## What you have to do
Starting with the line that contains "No Quadro 4, apresentam-se", return every line through the end of the listing below exactly as written. Omit the pictures.
Recorded data Start Marker
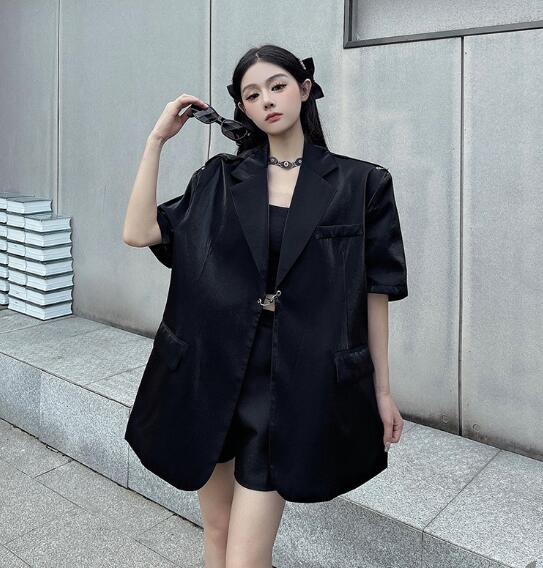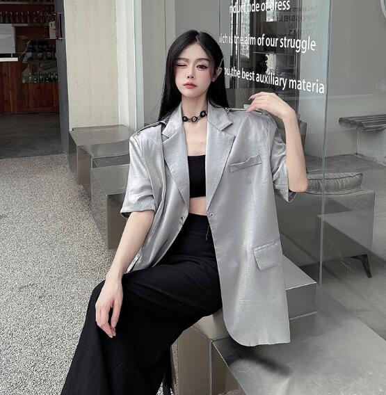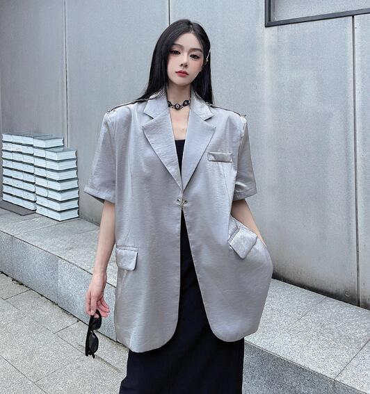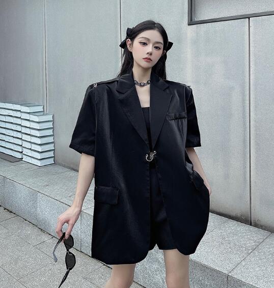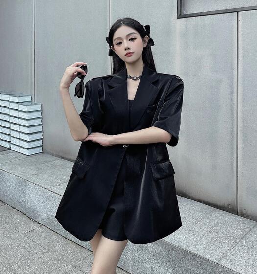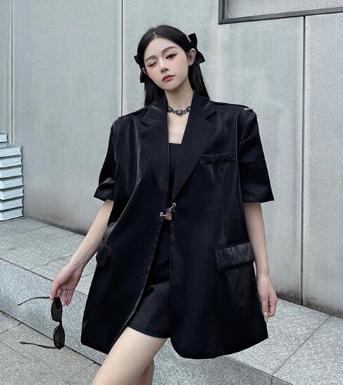 モード系 半袖 ビッグシルエット ゆめかわいい 奇抜 派手 ジャケット アウター ダンス 衣装 ヒップホップ コスチューム 韓国ファッション 大きいサイズ 服 原宿系オーバーサイズ レディース 個性的
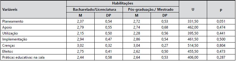 No Quadro 4, apresentam-se os resultados do teste de Mann-Whitney (U) para testar a existência de diferenças em função das habilitações literárias. Não se verificaram diferenças entre os grupos de educadores com diferentes níveis de formação a nível de nenhuma das sete dimensões das práticas inclusivas. Saliente-se, no entanto que o resultado do teste para a variável planeamento foi marginalmente significativo (p = 0,051), tendo os educadores com formação de nível pós-graduado relatado maior planeamento de práticas inclusivas do que aqueles sem formação pós-graduada.
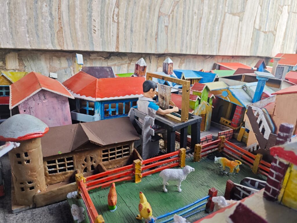 El pesebre representa tanto escenas bíblicas como la vida cotidiana de la región: mercados, vendedores de mote, paisajes rurales y referencias a Riobamba y el volcán Chimborazo.
Recorded data End Marker
## Solution to this task
 No Quadro 4, apresentam-se os resultados do teste de Mann-Whitney (U) para testar a existência de diferenças em função das habilitações literárias. Não se verificaram diferenças entre os grupos de educadores com diferentes níveis de formação a nível de nenhuma das sete dimensões das práticas inclusivas. Saliente-se, no entanto que o resultado do teste para a variável planeamento foi marginalmente significativo (p = 0,051), tendo os educadores com formação de nível pós-graduado relatado maior planeamento de práticas inclusivas do que aqueles sem formação pós-graduada.
 El pesebre representa tanto escenas bíblicas como la vida cotidiana de la región: mercados, vendedores de mote, paisajes rurales y referencias a Riobamba y el volcán Chimborazo.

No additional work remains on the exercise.